Comparing Model 3_b versus Model 3_a, the χ2 difference test was significant, and the differences in CFI and RMSEA were greater than the suggested cutoffs, suggesting that scalar invariance is not fully satisfied. Based on the information from modification indices, a partial scalar invariance model was further examined (denoted as Model 3_c) which set free the intercept constraints across time for two indicators. As shown in , Model 3_c has acceptable model performance, and compared to Model 3_a, the χ2 difference test was, and the differences in CFI and RMSEA are less than .01, suggesting that the partial scalar invariance model is acceptable. The corresponding estimates are shown in .

Table 4. Parameter estimates for longitudinal invariance model.

Step 4: Add Predictors to Estimate Intervention Effectiveness

To further investigate the utility of the TMM model in longitudinal research, we next sought to demonstrate how to test for the effects of an intervention on Time 2 language skills after controlling for Time 1 language skills and background information. The model was identical to Model 2 (from ), except that additional observed variables were added: one for each covariate (IEP status, White, and Education), and one representing membership in each of two different conditions (Treatment A: print referencing or Treatment B: print referencing with parent involvement). Those observed variables all loaded on the Language variables, both at Time 1 and Time 2. Paths from the treatment variables to language at the first time point serve to establish baseline equivalence, while those to the Time 2 language construct estimate the treatment effect: The predicted difference between that condition and the control group on the post-test, after controlling for the pretest and covariates.

The SEM showed satisfactory fit to the data, χ2 (63) = 83.187, p = .045, CFI = .994, TLI = 0.991, RMSEA = .023, and SRMR = .037. The factor loadings for the measurement model were consistent with those in the previous steps (), and Bias1 and Bias2 were correlated at .680 (p < .001). The parameter estimates for the structural part of the model are presented in . In , the rows represent the predictors, and the columns represent the endogenous variables in the SEM model (Language at Time 1, Language at Time 2, Bias at Time 1 and Bias at Time 2).

Table 5. Parameter estimates of the final SEM with assigned treatment group predicting Language at time two.

For Language at Time 1, no significant intervention group differences were found, indicating that the study demonstrates baseline equivalence. All three background variables were significantly related to Lan1, indicating that the students who were White, with higher parental education level, and who did not have an IEP had higher language performance at Time 1.

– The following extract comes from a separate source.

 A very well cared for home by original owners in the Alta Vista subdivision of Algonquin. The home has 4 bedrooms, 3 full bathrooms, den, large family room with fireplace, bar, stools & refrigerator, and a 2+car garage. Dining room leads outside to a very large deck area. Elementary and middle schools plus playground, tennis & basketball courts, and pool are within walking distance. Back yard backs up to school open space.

We next examined whether the bias factors were related to background characteristics. In terms of the effects on the response bias factors, IEP was significantly and negatively related to both Bias1 (β = −0.369, B = 2.280, SE = 0.482, p < .001) and Bias 2 (β = −0.405, B = 2.047, SE = 0.482, p < .001), while the other background variables did not significantly relate to response bias. This indicates that teachers showed significantly less response bias, and were more accurate at rating the language skills of those children with an IEP.

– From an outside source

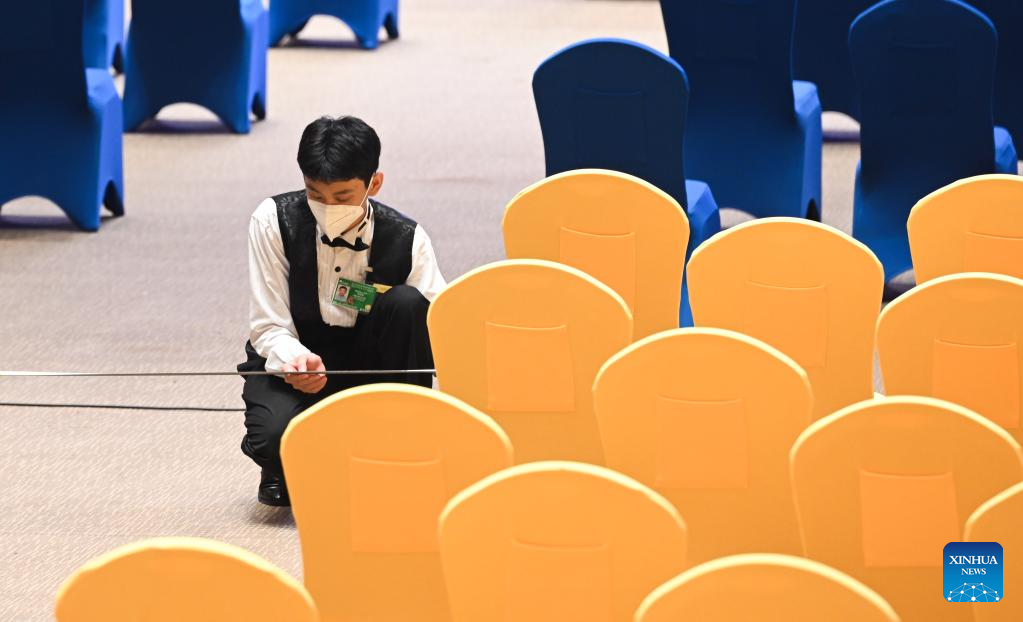 A staff member works at the venue of the Boao Forum for Asia in Boao, south China's Hainan Province, April 18, 2022. The Boao Forum for Asia (BFA) will hold its annual conference from April 20 to 22 in Boao, a coastal town in China's southernmost province of Hainan. (Xinhua/Yang Guanyu)

The primary results of interest with this model are predictions relevant to the second time point. First, the autoregressor (Lan1) significantly and positively predicted Lan2 (β = .998, B = .967, SE = .043, p < .001), indicating a high stability over time. In terms of intervention effects, Treatment B significantly predicted Lan2 (β = .084, B = .224, SE = .109, p = .043) while Treatment A did not. This suggests that students who participated in the print referencing and parental involvement intervention group showed significantly more growth in language compared to students in the regular reading condition, after controlling for the effects of baseline performance and background information. Moreover, none of the background variables had significant effects on Lan2, suggesting that the growth in language skills was not due to students’ demographic background.

Comparison to Gold Standard Only Model

At the suggestion of anonymous reviewers, we next compared the results of the longitudinal TMM treatment effects model to a model where the gold standard measures were included as the only indicators of the latent variables at each language time point. This contrast serves to demonstrate the gains in specificity afforded by the inclusion of the larger sample size of efficient measures. The gold standard only model was similar to the final SEM model in step 4 except that the latent construct of language skill was only represented by the gold standard measures of RL and EL, and we did not include a response bias factor. This model was the same for both time points. The latent variable at Time 1 was specified to predict the latent variable at Time 2. The variables representing the intervention group, as well as the covariates of IEP, White, and Education were specified to predict the latent variables at both time points, as was the case with the longitudinal TMM treatment effects model. The model provided satisfactory fit to the data, as shown in the footnote of . Contrasting the intervention effect results in and , particularly for the effect of Group B vs Control on lan2, the SE from the gold standard only model was noticeably larger than that of the TMM model (SE of 1.259 vs 0.109). The results demonstrate that there is less estimation precision with the gold standard only model compared to the longitudinal TMM.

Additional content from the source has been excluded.